Tuesday, May 17, 2016

God of Abundance

“for every animal of the forest is mine, and the cattle on a thousand hills.”
Psalm 50:10 NIV

God speaks of his infinite abundance here. He doesn't need our sacrifices or anything else. As our Creator, he owns it all!

He is speaking to his people, Israel, in this Psalm of Asaph. He's not too happy with them either. It's like he's calling court and speaking to them as judge, jury and executioner (which only he can legitimately do).

Too often I think I forget that God is unlimited and that his resources are available to his people for his mission. 

"Seek first his kingdom and his righteousness and ALL THESE THINGS WILL BE ADDED TO YOU." (Matthew 6:33, emphasis mine)

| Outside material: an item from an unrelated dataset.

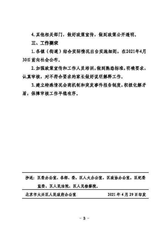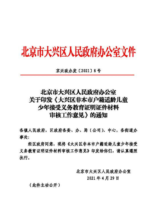 2021年《大兴区非本市户籍适龄儿童少年接受义务教育证明证件材料审核工作意见》发布。
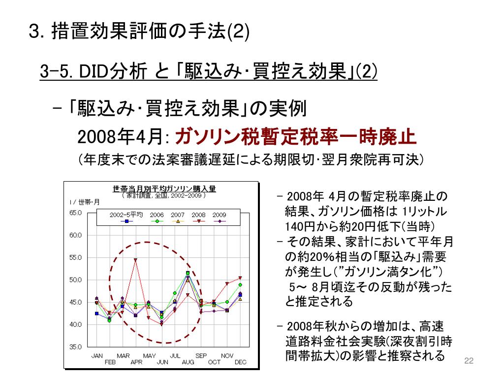 2008年 4月の暫定税率廃止の 結果、ガソリン価格は 1リットル 140円から約20円低下(当時) • その結果、家計において平年月 の約20%相当の「駆込み」需要 が発生し(”ガソリン満タン化”) 5~ 8月頃迄その反動が残った と推定される • 2008年秋からの増加は、高速 道路料金社会実験(深夜割引時 間帯拡大)の影響と推察される 3. 措置効果評価の手法(2) 3-5. DID分析 と 「駆込み・買控え効果」(2) - 「駆込み・買控え効果」の実例 2008年4月: ガソリン税暫定税率一時廃止 (年度末での法案審議遅延による期限切・翌月衆院再可決) 22

When we are on task and joining him in his holy search and rescue mission, God delights in resourcing us. We must remember this when we pray. We ask for his provision even as we ask for his vision and direction. 

Rarely is provision what limits us, by the way. The challenge is usually our willingness to surrender all and fully rely on him in this great work.

Lord, I confess that I forget that you, not only have the cattle on a thousand hills but that you, make your infinite resources available to your people when they share the good news that your kingdom is at hand. 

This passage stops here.